Miremos algunas opiniones sobre el tema. Daniel Cassany, profesor de Análisis del Discurso en la Universidad Pompeu Fabra, dice: “Los hábitos de lectura no son los mismos ahora que hace una década. La globalización, el predominio de las nuevas tecnologías en el llamado Primer Mundo y la proliferación, sobre todo en la red, de textos sin autentificar son algunos de los factores que condicionan la manera de enfrentarse a un escrito” (Tras las líneas, Anagrama 2006). Desde otra óptica, Roger Chartier, director de la Escuela de Altos Estudios de París, refiriéndose a la crisis del libro tradicional, opina: “Nunca en la historia de la humanidad se han producido y vendido tantos libros como ahora, pero que no podemos sentirnos satisfechos con dichas estadísticas. La desaparición del libro es un tema delicado: significaría la desaparición de la lectura y el fin de la definición de la literatura, asociada al objeto, al decir de Kant” (citado por Hernán Díaz en “La muerte del libro”, Revista Semana, 2007).

De otro lado Jorge Franganillo, profesor de información y documentación de la Universidad de Barcelona, luego de señalar que es falso —y nada nuevo— el debate sobre la presunta muerte del libro tradicional, señala que “el libro en papel no está amenazado por la llegada del libro digital porque continúa presentando los contenidos de una manera más eficaz que los medios electrónicos.

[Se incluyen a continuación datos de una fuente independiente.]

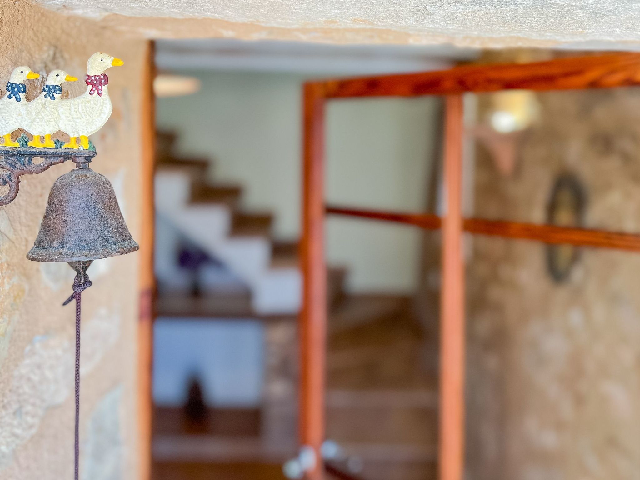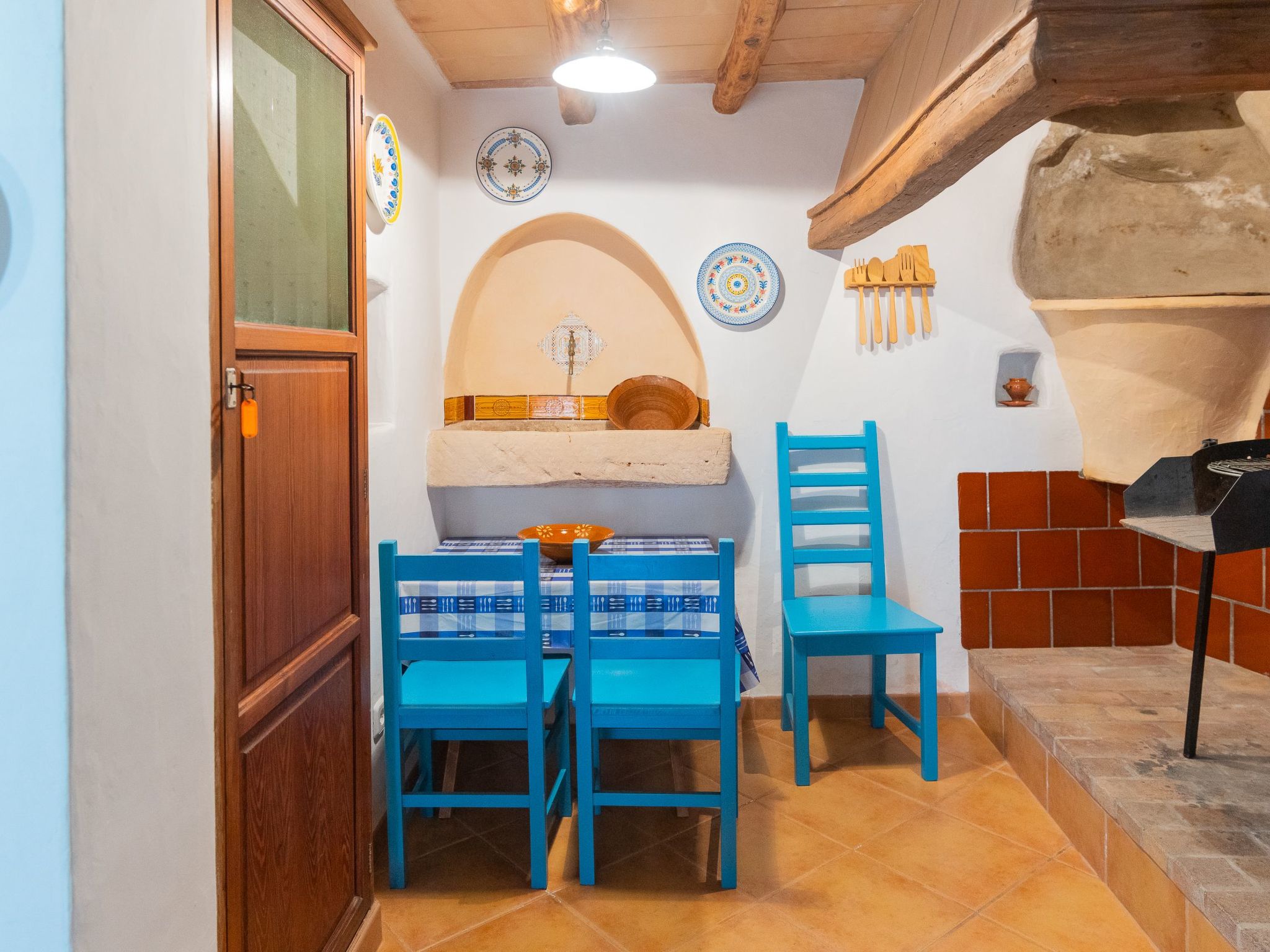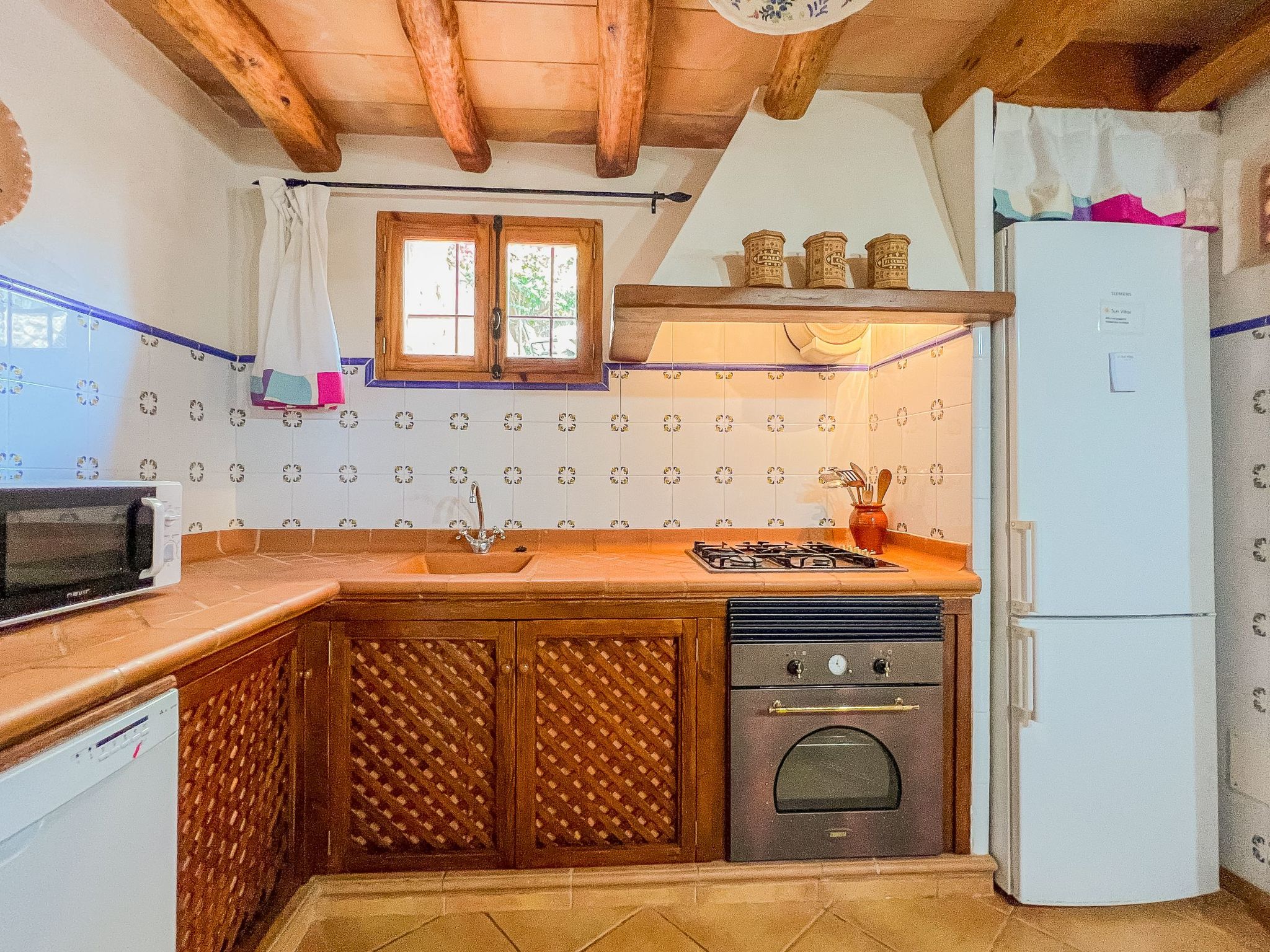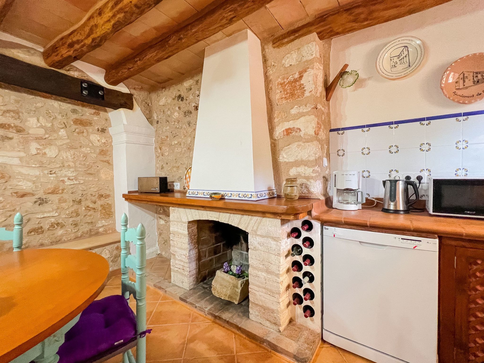 Ground floor: Entrance through a beautiful terrace leading to the living room with satellite TV, a traditional kitchen with fireplace (decorative only) and a pantry, a bright kitchen (4 ring electric oven, microwave, freezer, dishwasher, coffee machine, toaster) with dining area for up to 6 people. A stone staircase leads from the kitchen to the terrace, where you will find a beautiful furnished terrace (approx. 30 m²) with a small garden. Reservations for groups under 25 years of age are not permitted. Failure to comply with this rule will result in non-admission at check-in.

El libro impreso es un objeto perfecto que ha sido sometido a una depuración de más de cinco siglos, durante los cuales se han afinado sus mecanismos textuales” (Diario UNO, octubre 14 de 2009). Sin estar en desacuerdo, no soy tan optimista.

Como colofón, voy a transmitir —a través de la palabra y confiado en su potestad— una imagen del interior del Depósito Municipal de Libros Escolares de la ciudad de Detroit, fechada en enero de 2008, en la cual se observa un salón derruido, con miles de libros y textos de enseñanza tirados por el suelo, desempastados, míseros, abandonados bajo esas columnas tristes, aves desquiciadas que buscan su alma de papel entre las patas de las mesas arruinadas por la oxidación, desolador aspecto de un edificio fantasma que años atrás sirviera como templo del libro y la lectura. No estuve allí: vi la imagen en la web y me dolió. Entonces comencé a escribir esta Misa de muertos para Johann Gutenberg, quien se inventó una raza de hombres comedores de papel y tinta, bradburyanos seres que en sus mochilas todavía guardan leen acarician huelen subrayan y gozan ese objeto maravilloso al que llamamos Libro.